While going through the Google Cloud Dataflow WordCount Pipeline Example and creating a Scala app to run the pipeline locally, I'm getting the following exception:
Exception in thread "main" java.lang.NullPointerException
at com.google.cloud.dataflow.sdk.util.SerializableUtils.clone(SerializableUtils.java:89)
at com.google.cloud.dataflow.sdk.transforms.ParDo$Bound.<init>(ParDo.java:700)
at com.google.cloud.dataflow.sdk.transforms.ParDo$Unbound.of(ParDo.java:661)
at com.google.cloud.dataflow.sdk.transforms.ParDo.of(ParDo.java:551)
at apps.MiniDataFlowApp$.delayedEndpoint$apps$MiniDataFlowApp$1(MiniDataFlowApp.scala:32)

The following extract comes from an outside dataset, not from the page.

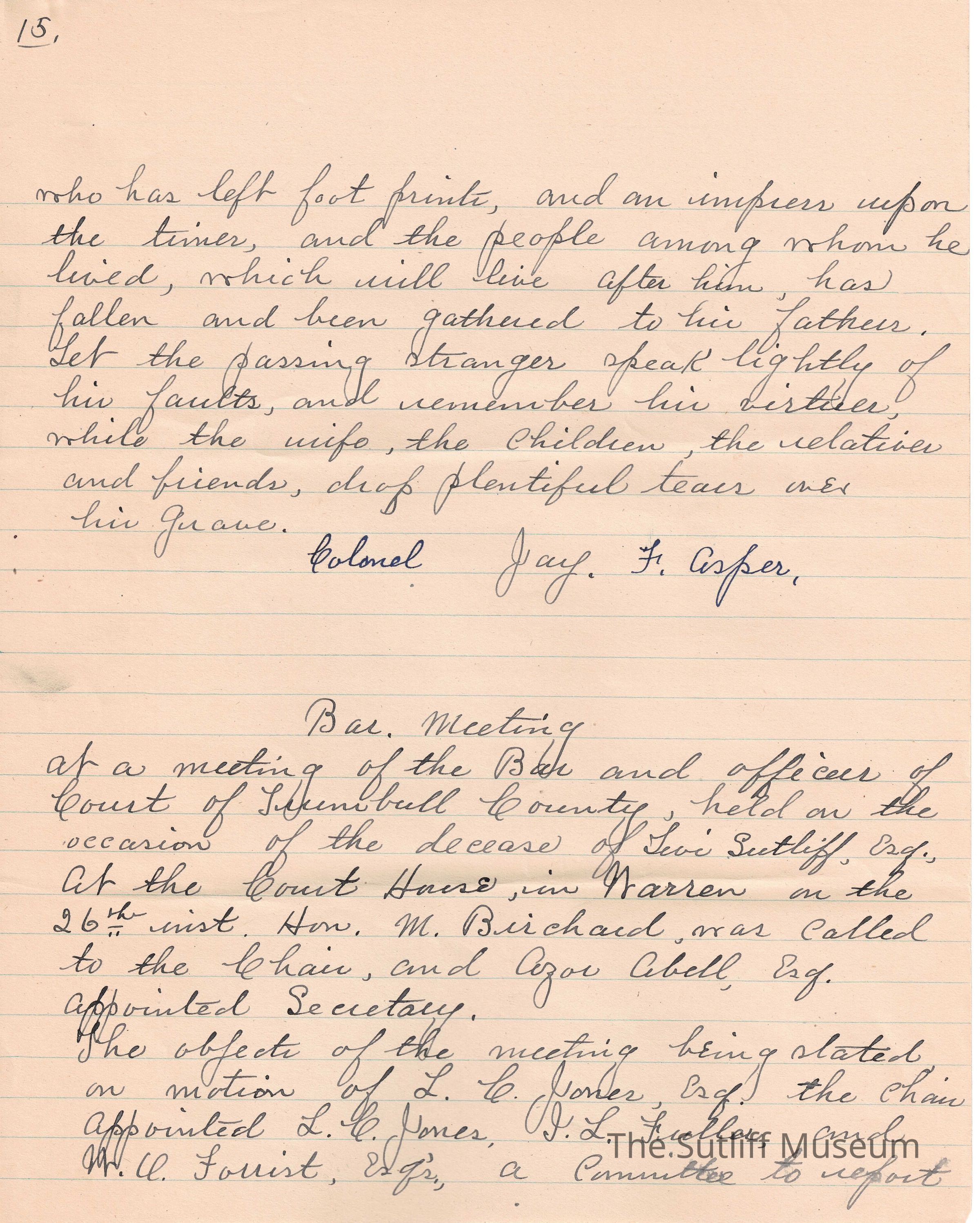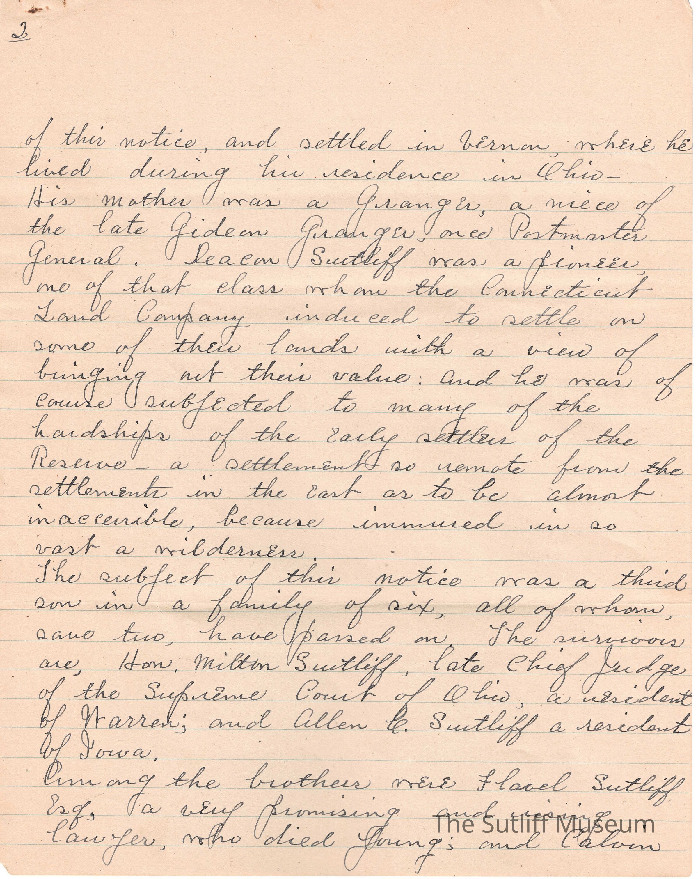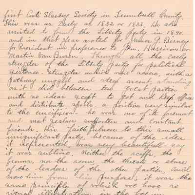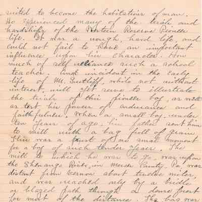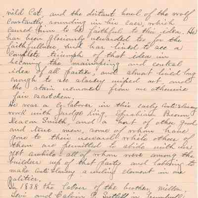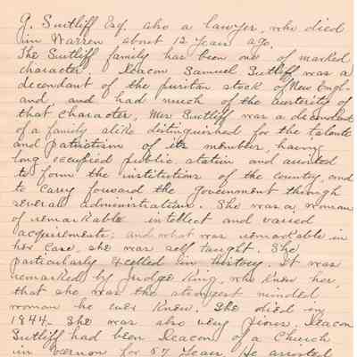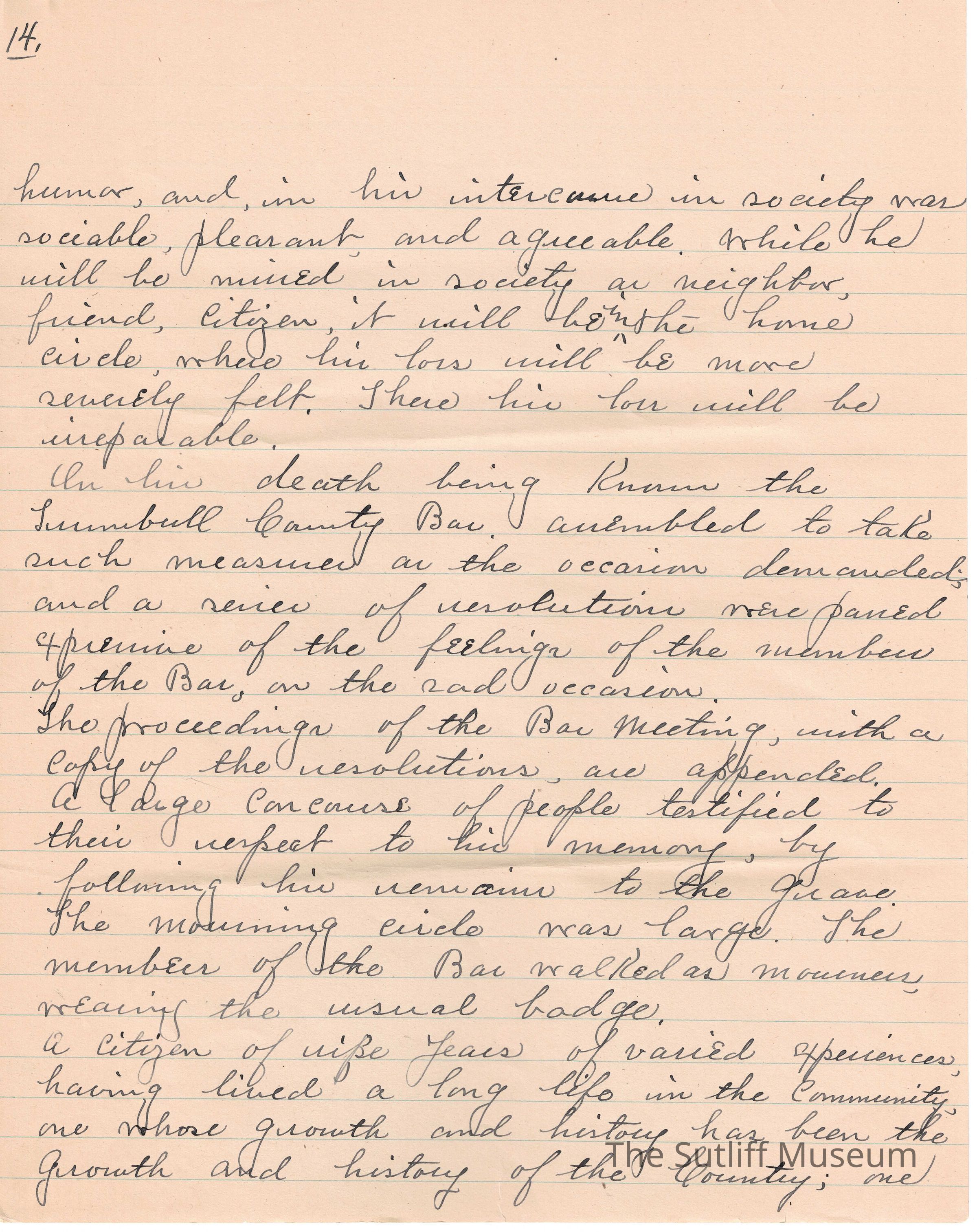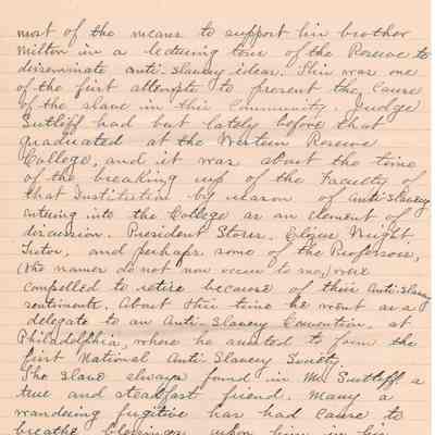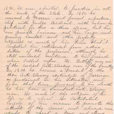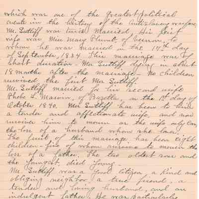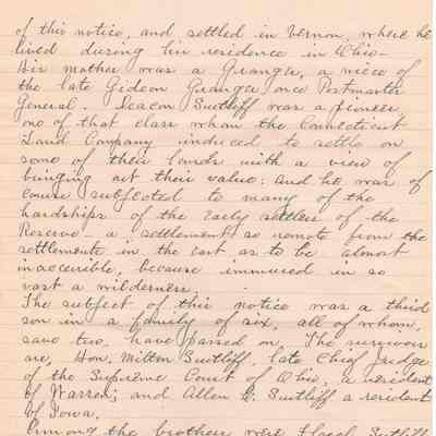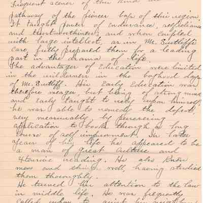 A handwritten copy of Levi Sutliff's obituary written by M. Birchard.

at apps.MiniDataFlowApp$delayedInit$body.apply(MiniDataFlowApp.scala:17)
at scala.Function0$class.apply$mcV$sp(Function0.scala:34)
at scala.runtime.AbstractFunction0.apply$mcV$sp(AbstractFunction0.scala:12)

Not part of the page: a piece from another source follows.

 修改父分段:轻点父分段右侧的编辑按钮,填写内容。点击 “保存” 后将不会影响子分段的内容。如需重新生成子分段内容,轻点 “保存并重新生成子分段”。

at scala.App$$anonfun$main$1.apply(App.scala:76)
at scala.App$$anonfun$main$1.apply(App.scala:76)
at scala.collection.immutable.List.foreach(List.scala:381)
at scala.collection.generic.TraversableForwarder$class.foreach(TraversableForwarder.scala:35)
at scala.App$class.main(App.scala:76)
at apps.MiniDataFlowApp$.main(MiniDataFlowApp.scala:17)
at apps.MiniDataFlowApp.main(MiniDataFlowApp.scala)
at sun.reflect.NativeMethodAccessorImpl.invoke0(Native Method)
at sun.reflect.NativeMethodAccessorImpl.invoke(NativeMethodAccessorImpl.java:62)
at sun.reflect.DelegatingMethodAccessorImpl.invoke(DelegatingMethodAccessorImpl.java:43)
at java.lang.reflect.Method.invoke(Method.java:483)
at com.intellij.rt.execution.application.AppMain.main(AppMain.java:134)
where MiniDataFlowApp.scala:32
corresponds to .apply(ParDo.of(extractWords))
within the following snippet that creates the pipeline:
val p: Pipeline = Pipeline.create(options)
p.apply(TextIO.Read.from("some.input.txt"))
.apply(ParDo.of(extractWords))
.apply(Count.perElement[String]())
.apply(ParDo.of(formatOutput))
.apply(TextIO.Write.to("some.output.txt"))
extractWords
implements DoFn
as follows:
val extractWords = new DoFn[String, String]() {
override def processElement(c: DoFn[String, String]#ProcessContext) {
c.element.split("[^a-zA-Z']+").filter(_.nonEmpty).map(_ => c.output(_))
}
}
The issue described in this StackOverflow question seems similar. However, I don't think I have an unserializable class like the one causing the problem on that question. At least, I can't see why I might be having a serialization problem if that's the issue.
Thank you for taking the time to read my question and any insights!